Life satisfaction Scale can become a social determinant of health in our study as one of the major reason of shift from perception of patient-centered care among our respondents into doctor-centered health care. This study has demonstrated that younger health care providers and those with lower life satisfaction are more patient-centered. Older respondents and those with higher life satisfaction, in contrast, reported doctor-centered attitudes. The majority of younger patients have a stronger belief in good health associated with patient-centered care whereas the older population preferred a more doctor-centered care. In all patients, the preference of patient-centered care was associated with higher satisfaction in life.
In our study we manipulated that at the beginning of career younger health care providers are more enthusiastic with their newly gained skills and helpfulness in society and more patient-oriented due to high expectations from job reward but with years and negative experience in the life due economical instability along with extremely slow progress of salary increase finally leads to emotional distress and low motivation among health care providers and make them less patient-centered even after getting their stability and good salary when they get aged.
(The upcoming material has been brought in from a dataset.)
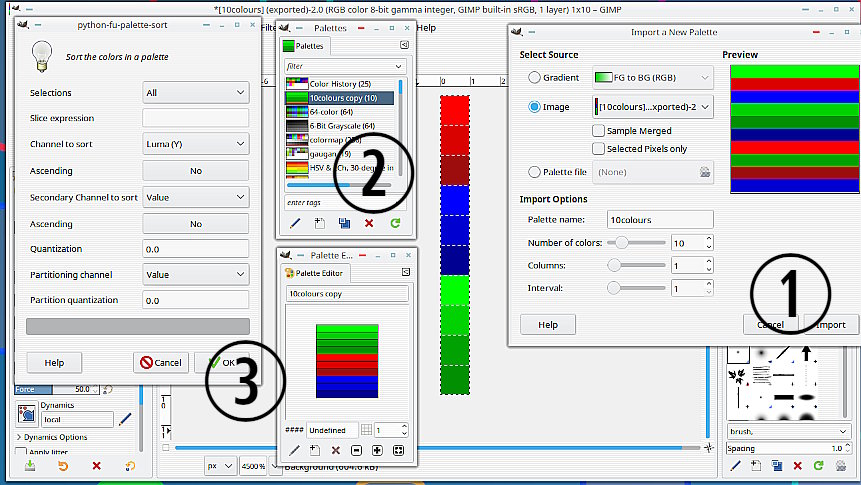 Quote:Are you able to export the Gimp Palette to Inkscape and sort it over there and then bring it back to Gimp?

Current finding that senior health care providers which were satisfied with life remained to be not patient-centered suggested an area for more detailed investigation and improvement. We suspect that above mentioned tendency might gradually decrease motivation to work in spite of extensive experience. Aged care givers follow the rules and regulations developed by higher hierarchical level of healthcare management which doesn’t consider a feedback or direct communication due to the multiple intermediate hierarchical levels of executers so called “middle management”. There is no direct exchange and delivery of information about real needs of medical practitioners which could report about existing problems necessary to be solved. It originates from vertical power of local political system reducing motivation at each level coming down due to increased disconnection of upper level management with those which perform their regular work and deliver this regulations to medical practitioners. The best thing about being on the middle of this managerial hierarchical levels is lower responsibility since they are not original developers and neither medical practitioner, they can be considered as transmitters of information but in most of the cases absolutely useless and ineffective . This is one of the reasons why miscommunication will always take a place among our healthcare providers and patients and why patient-orientation will be less possible.
Vertical power and disconnection of workflow due to complex organization of healthcare management leads to reduction of motivation among healthcare providers to be a patient-centered.
Our study showed high prevalence of doctor-oriented medical providers and patients as well. Traditional and common way of doctor-patient relationship in Kazakhstan is based on ethical paternalism widely described in the literature.